Baffling performance issue on most NVidia GPUs with simple transformers + pytorch code

Hi all

I am hoping that someone can help me get to the bottom of a perplexing performance problem that I’ve discovered while benchmarking language model inference using transformers + pytorch 2.0.0.

I was testing float16 inference on pytorch.bin format models, as well as 4bit quantisation with GPTQ. I don’t own an NV GPU myself, so I was using a cloud GPU provider (Runpod) with a 4090.

Long story short, I posted my benchmarks for float16 and int4 benchmarks, thinking they were fine. Someone told me that the performance seemed much too low. So I did some more digging and wrote this little test script:

import time
import torch
from transformers import AutoTokenizer,AutoModelForCausalLM

pretrained_model_dir = "facebook/opt-125m"

tokenizer = AutoTokenizer.from_pretrained(pretrained_model_dir, use_fast=True)
print("Loading model")
model = AutoModelForCausalLM.from_pretrained(pretrained_model_dir).eval().to("cuda:0")
print("Model loaded")

num_runs = 20
results = []

def inference():
    input_text = "The benefits of deadlifting are:"
    input_ids = tokenizer(input_text, return_tensors="pt")"cuda:0")
    start_time = time.time()
    with torch.no_grad():
        out = model.generate(input_ids=input_ids,max_length=496)
    return time.time() - start_time

for i in range(0, num_runs+1):
    duration = inference()
    if i == 0:
        print("Discarding first run")
        print(f"{i:2} run time: {duration:.4f} s")

average = sum(results) / len(results)
print(f"Average over {num_runs} runs: {average:.4f} s")
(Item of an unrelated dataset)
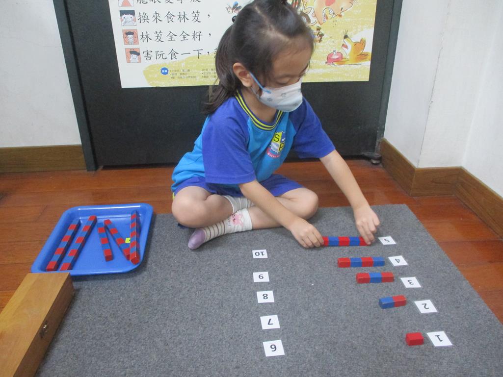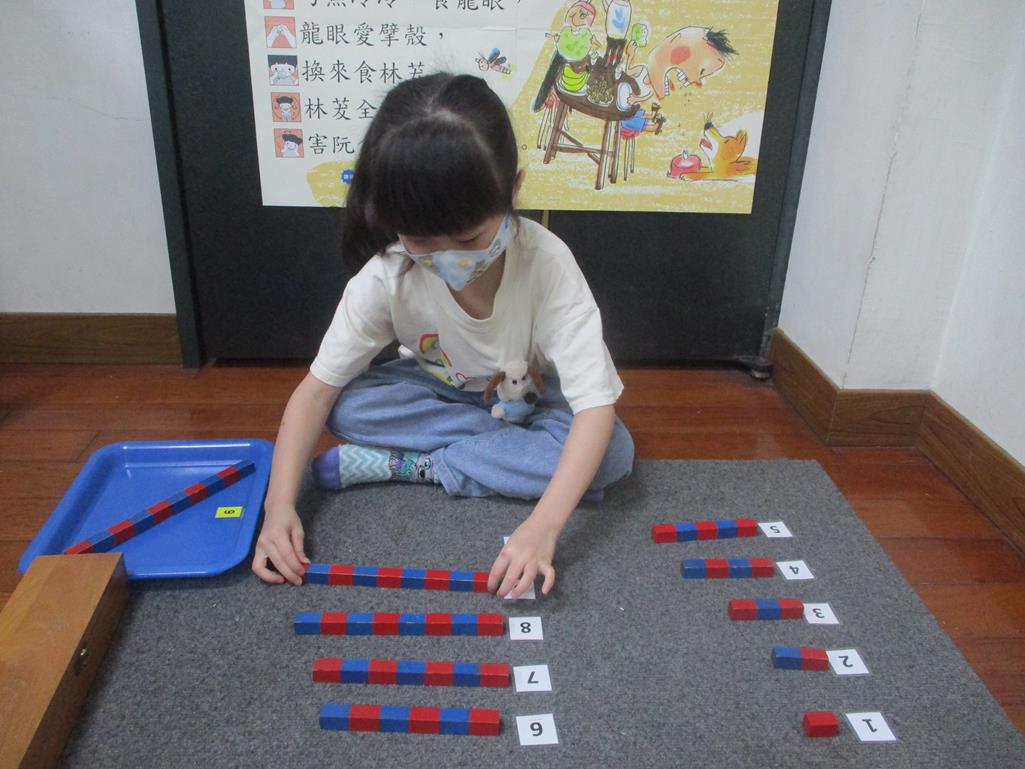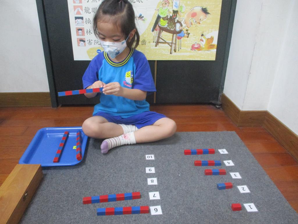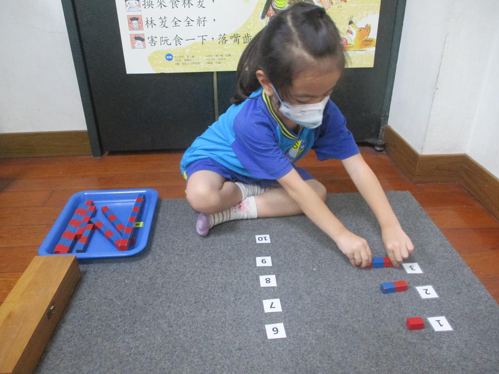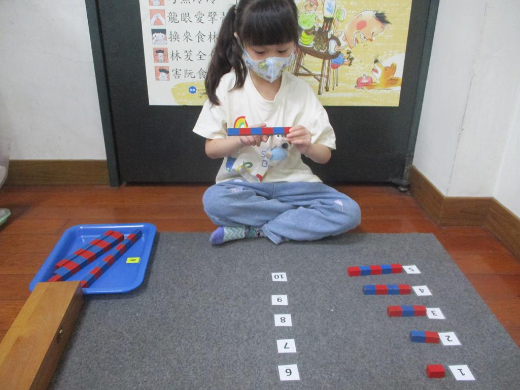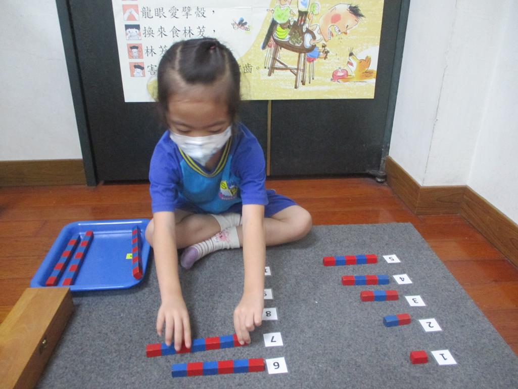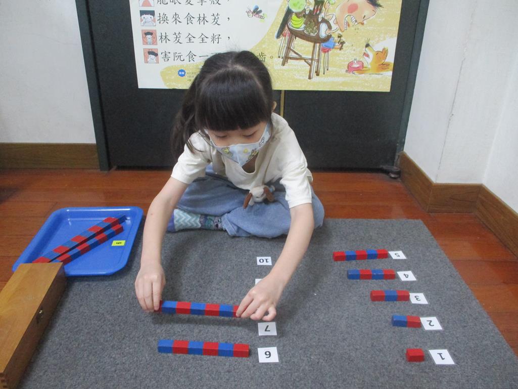 相簿名稱: 茉莉班-蒙特梭利教學(數學教育-數棒+1~10字卡&數棒(紙上作業))

Running this test script on most 4090s I’ve tried - on Runpod, on, and also on a friend’s 4090 - gives a result like this:
Average over 20 runs: 3.3191 s

But on small small number of 4090 systems I’ve tried, I get a result like:
Average over 20 runs: 1.0022 s

Nearly 3.5 times faster! This result of 1.00s is I believe the correct result for this GPU.

The results are correlated with very different GPU usage % figures. The well-performing systems will use 60+% GPU in this small test, while a badly performing one uses only around 20%.

This small benchmark is indicative of the actual LLM inference performance of the systems. For example, testing on 7B Llama models, the well-performing 4090 systems can do float16 inference at 50 tokens/s, vs 23 tok/s for the poor ones. For 4bit GPTQ inference, the good systems achieve 95 token/s, vs 28 on the badly performing systems - a huge difference!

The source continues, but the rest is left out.